Diversity, functionality, and stability of the T cell repertoire derived in vivo from a single human T cell precursor

Abstract

In this report, we have analyzed the human T cell repertoire derived in vivo from a single T cell precursor. A unique case of X-linked severe combined immunodeficiency in which a reverse mutation occurred in an early T cell precursor was analyzed to this end. It was determined that at least 1,000 T cell clones with unique T cell receptor-beta sequences were generated from this precursor. This diversity seems to be stable over time and provides protection from infections in vivo. A similar estimation was obtained in an in vitro murine model of T cell generation from a single cell precursor. Overall, our results document the large diversity potential of T cell precursors and provide a rationale for gene therapy of the block of T cell development.

Figure 1

Numerous distinct T cell clones have been generated from a single T cell progenitor. (A) cDNA prepared from the peripheral blood mononuclear cells of the patient (at 3 years of age) was amplified in multiple PCRs primed by BV- and BC-specific primers. PCR products were then subjected to run-off reactions by using a nested fluorescent primer specific for the BC segment. Labeled DNA copies were analyzed on a sequencing gel in an automated DNA sequencer. The size and the intensity of each band were recorded and analyzed with the immunoscope software. CDR3 size distribution analysis of the patient's peripheral T cells was performed for almost all BV segments and for three AV segments. (B) Altered CDR3β distribution in all BV-BJ profiles analyzed from the patient. For several BV segments, BV-BC PCR products obtained from either a healthy donor or the patient were subjected to run-off reactions by using nested fluorescent primers specific for one of the BJ segments. CDR3β size distribution profiles of the patient (black profiles) are compared with those obtained from the healthy donor (white profiles).

Figure 2

Relative stability of the patient's T cell repertoire over time. CDR3β size distribution analyses were performed from the patient's peripheral blood mononuclear cells at various time points. The figure shows the comparison of the profiles obtained at the age of 3 (black profiles) and 5 (white profiles) years. Arrows indicate the persistence of some expanded populations.

Figure 3

Phenotypic characterization of the patient's T cell subsets. Peripheral blood mononuclear cells from the patient and from the control donor were triple stained with the indicated antibodies. Profiles are gated on either CD4 or CD8 positive cells.

Figure 4

TCR diversity generated in vitro by a single murine T cell progenitor.

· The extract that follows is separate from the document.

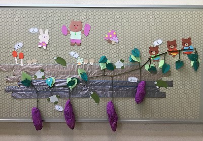 秋の1階廊下掲示は、サツマイモに...

Various number of fetal thymocytes (15, 25, or 150) were seeded in individual γ-irradiated lobes. After 2 weeks of FTOC, lobes were examined by flow cytometry for the presence of αβ-TCR positive cells. (A) Representative fluorescence-activated cell sorter profile of cells from an individual reconstituted thymic lobe. The majority of the cells expressed αβ-TCR. No cellularity was observed in nonreconstituted (negative) lobes. For each point, the percentage of negative lobes was calculated. (B) Estimation of T cell precursor frequency. According to the Poisson probability distribution, the inoculum that produces 37% negative recipients is expected to contain a single T cell progenitor. This frequency was estimated to be 1 in 26 cells. Therefore, lobes seeded with 15 cells, when reconstituted, contain the progeny of a single T cell precursor. T cell repertoire analyses were performed on these individual lobes. (C) Analysis of the T cell repertoire in lobes reconstituted with one or five T cell precursors. cDNAs prepared from individual thymic lobes were submitted to PCR by using BV10- (or BV8.2-) and BC-specific primers. Representative CDR3β size distribution profiles corresponding to an unreconstituted lobe or a lobe reconstituted with one or five T cell progenitors are shown. (D) Analysis of BV10-BJ rearrangements in lobes reconstituted with a single T cell precursor.